When an space cloud/ship anomaly is discovered on a path straight for Earth, Admiral Kirk (Shatner) takes back control of the Enterprise from its latest Captain (Collins) to set a course for intercept. With his old crew rejoining him, including Bones (Kelley) and science officer Spock (Nimoy), they will uncover something never seen before in the universe - an entity called V’Ger that will shake the foundations of what they know to be human.

"Look at our new fancy muted color uniforms, they are bland like this movie!"
The original Star Trek series was known for its fun adventure stories littered with charismatic characters and social commentary. Star Trek: The Motion Picture essentially abandons all of those things in an attempt to create a cinematic experience in line with the recently hailed 2001: A Space Odyssey. While the time period that stretched from the end of the series to this first movie was lengthy and the times had definitely changed, the reason why the series earned such a cult status was for its fun and slyly smart approach to its stories. It’s the shift away from this ideology that has left so many fans and critics so cold to this film and why it remains one that certainly doesn’t get a lot of love.
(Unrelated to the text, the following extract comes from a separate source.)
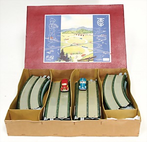 Autobahn, U.S. Zone, mit Käfer mit Brezelfenster u. Autobus, Uhrwerke intakt, schöner Orig.-Zust., kl. Lagerungsspuren an den Fahrzeugen, im Orig.-Kart., mit bunt lithogr. Deckbild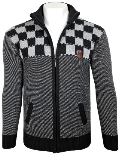Кардиган мужской черный с узором в шахматном порядке Р259, размер L

It’s not that the film doesn’t deserve some credit for its positive elements. The score is phenomenal, adding at least some life to its horrendously long shots of the Enterprise moving through space, and the visuals are strong from director Robert Wise who truly tries to make this film a motion picture experience for its audience. Even the special effects hold up remarkably well for its time and for that I have to give the film some credit because it creates enough of a visual experience to prevent me from punching my television out of sheer boredom.
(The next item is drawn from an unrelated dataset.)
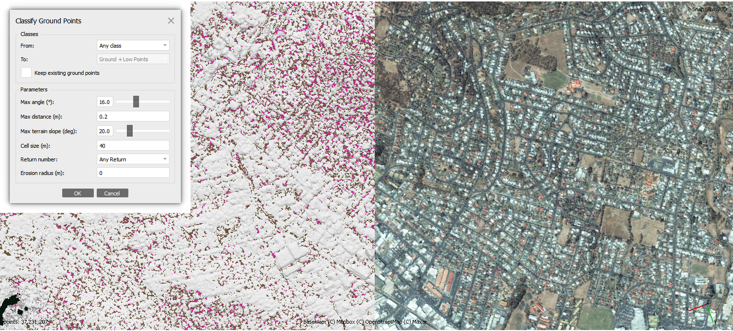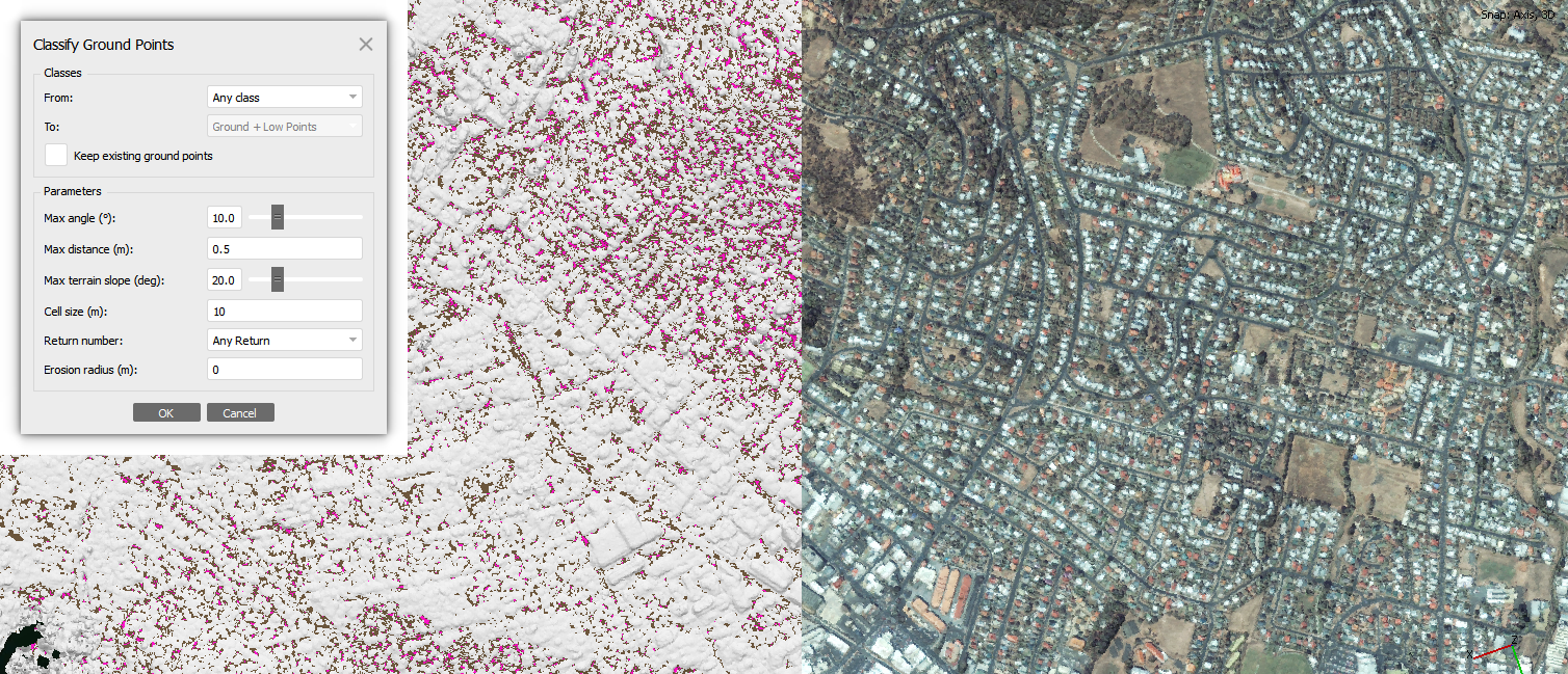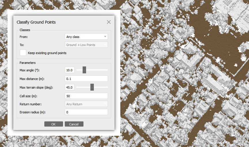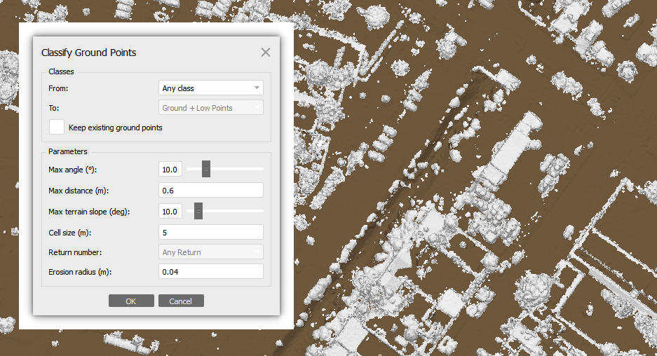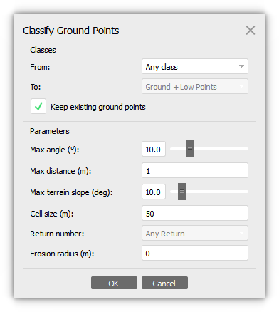 Select Tools > Point Cloud > Classify Ground Points... to open Classify Ground Points dialog window:

Which brings me to the main issue that plagues Star Trek: The Motion Picture. This movie moves at a snail’s pace and proceeds to add in the amount of plot progressions and character depth that a mediocre episode of the TV series would have had. For a movie that’s well over two hours, they take their fuckin’ time doing anything in the film. Shots of the Enterprise as Kirk and Scotty take a shuttle ride to the ship bore to tears and a latter sequence where the ship enters the “field” of the foreign mass seem to last years instead of minutes. Look, more random space texture! Goody! As if to make matters worse, the film seems to rush the rest of the script when it comes to character development. Potentially strong interactions between Kirk and Decker are shoved aside after a half hour, Bones is essentially brought in to give nonsensical quips, and the charisma of the cast seems to be as void and slow as the space that the Enterprise meanders across. Even the theme of the film, which seems to be focused on the human quality of needing something illogical to feel complete, is barely explored and often muddled in the narrative leaving a lot of potentially smart dialogue and writing stuck in an airlock. The few action-y tidbits that happen are more or less focused on visual experience rather than a tension or excitement. A worm hole issue with the warp drive actually blurs colors onscreen and then puts the cast in slow motion. Slow motion. As if this film needed that to extend its already lengthy feel.

Desolate expanse. Like the plotting.
At times, I want to respect what Star Trek: The Motion Picture attempts to do to reinvent the franchise for the theatrical audience. However, it’s almost like the film specifically targeted fun sequences and thoughtful writing for extermination when it decided to take a more artful approach to its story. There are a handful of people out there I know that will defend this film, but rewatching it for this recent marathon has only solidified my distaste for what this film is.